In some embodiments, the computing environment 100 can further include a user device 170, which can be associated with a user that is requesting and/or coordinating performance of one or more iterations (e.g., with each iteration corresponding to one run of the model and/or one production of the model's output(s)) of the DNN system 105. The user may correspond to a physician, investigator (e.g., associated with a clinical trial), test subject, medical professional, etc. Thus, it will be appreciated that, in some instances, the provider system 160 may include arid/or serve as the user device 170. Each iteration may be associated with a particular test subject (e.g., person), who may (but need not) be different than the user. A request for the iteration may include and/or be accompanied with information about the particular subject or task (e.g., a name or other identifier of the subject or task, such as a de-identified patient identifier). A request for the iteration may include an identifier of one or more other systems from which to collect data, such as input image data that corresponds to a. neural stimuli scheme, the test subject, or a task. In some instances, a communication from the user device 170 includes an identifier of each of a set of particular neural stimuli schemes, test subjects, or tasks, in correspondence with a request to perform an iteration for each scheme, subject, or task represented in the set.
Upon receiving the request, the DNN system 105 can send a request (e.g., that includes an identifier of the scheme, subject, or task) for unlabeled input data elements to the one or more corresponding biological systems 150, data collection system 155 and/or provider systems 160. The trained predictive models can then process the unlabeled input data elements to predict neural responses, behavioral responses, and/or perform one or more tasks. A result for each identified neural stimuli scheme, behavioral stimuli scheme, task, test subject, etc. may include or may be based on neural response prediction, behavioral response prediction, and/or task completion from one or more predictive models of the trained predictive models deployed by the classifier subsystems 110a-n. For example, predicted neural responses can include or may be based on output generated by the fully connected layer of one or more predictive models. In some instances, such outputs may be further processed using (for example) a softmax function. Further, the outputs and/or further processed outputs may then be aggregated using an aggregation technique (e.g., random forest aggregation) to generate one or more subject or task-specific metrics. One or more results (e.g., that include plane-specific outputs and/or one or more subject-specific outputs and/or processed versions thereof) may be transmitted to and/or availed to the user device 170. In some instances, some or all of the communications between the DNN system 105, biological systems 150, data collection system 155, provider systems 160, and/or the user device 170 occurs via one or more networks 175 and/or interfaces such as a website. It will be appreciated that the DNN system 105 may gate access to results, data and/or processing resources based on an authorization analysis.

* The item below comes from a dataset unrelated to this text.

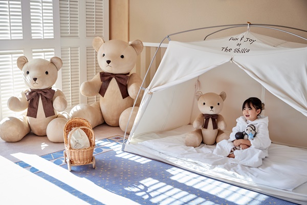 객실에는 아이들이 좋아하는 키즈 텐트를 설치하고, 소·중·대형 신라베어 인형과 신라베어 자수 쿠션, 신라베어 자수 키즈 배스로브 등 신라베어 테마 소품을 비치해 아이 눈높이에 맞춘 공간으로 완성했다.

While not explicitly shown, it will be appreciated that the computing environment 100 may further include a developer device associated with a developer. Communications from a developer device may indicate what types of input image elements are to be used for each predictive model in the DNN system 105, a number of neural networks to be used, configurations of each neural network including number of hidden layers and hyperparameters, and how data requests are to be formatted and/or which training data is to be used (e.g., and how to gain access to the training data).
As discussed herein in detail, most neural response data such as cortex scans from in vivo experimental conditions are too noisy for regularizing task models. Accordingly, various embodiments are directed to in silico models that can take neural stimuli such as images and predict the neural response of a biological system to the neural stimuli. The use of in silico model neuron responses as a proxy for the real in vivo neurons enables isolation of the relevant features from the biological system (e.g., brain) for use to regularize the artificial intelligence system. For example, the in silico predictive model eliminates random noise and the model's shifter and modulator circuits can be configured to account for the irrelevant non-stimuli data such as eye and body movements, and thereby extract the purely visual stimuli-driven responses. Extensions of the in silico predictive model can be used to extract all kinds of other features from the brain including the structure of the noise which can also be used as an additional regularizer. Mimicking neural noise can be used to bias AI models towards more probabilistic representations of sensory information.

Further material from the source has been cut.